-------- DATASET SECTION --------

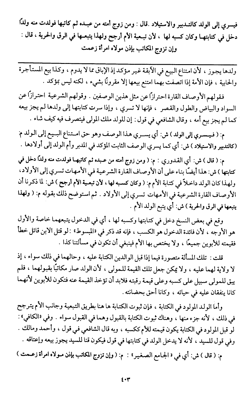 فقولهم الأوصاف القارة احترازا عن مثل هذين الوصفين. وقولهم الشرعية احترازا عن السواد والبياض والطول القصر، فإنها لا تسري، وإذا سرت كتابتها إلى ولدها لم يجز بيعه كما لم يجز بيع أمه، وقال الشافعي في قول: إن للولد ملك المولى فيتصرف فيه كيف شاء.
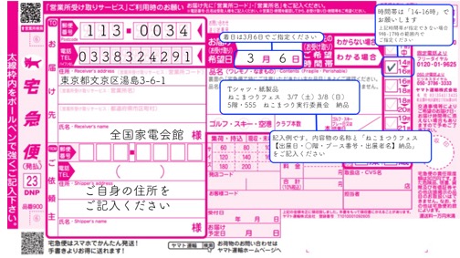 ・宅配搬入ご希望の方は、出展お申し込み時に【利用配送業者】と、お送りいただくお荷物の【予定個口数】をお知らせください。
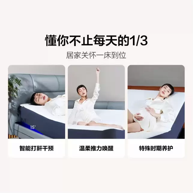 很多人受呼噜声困扰,特别是夫妻之间有一人打呼噜很影响对方睡眠质量 。这款智能电动床防打鼾模式,科学配比背部抬起一定角度,夜晚睡眠过程中,减少呼声,家庭更和谐。

--------

## WHAT TO DO
Output the material above word for word. Leave out its images.

## EXERCISE OUTPUT
 فقولهم الأوصاف القارة احترازا عن مثل هذين الوصفين. وقولهم الشرعية احترازا عن السواد والبياض والطول القصر، فإنها لا تسري، وإذا سرت كتابتها إلى ولدها لم يجز بيعه كما لم يجز بيع أمه، وقال الشافعي في قول: إن للولد ملك المولى فيتصرف فيه كيف شاء.
 ・宅配搬入ご希望の方は、出展お申し込み時に【利用配送業者】と、お送りいただくお荷物の【予定個口数】をお知らせください。
 很多人受呼噜声困扰,特别是夫妻之间有一人打呼噜很影响对方睡眠质量 。这款智能电动床防打鼾模式,科学配比背部抬起一定角度,夜晚睡眠过程中,减少呼声,家庭更和谐。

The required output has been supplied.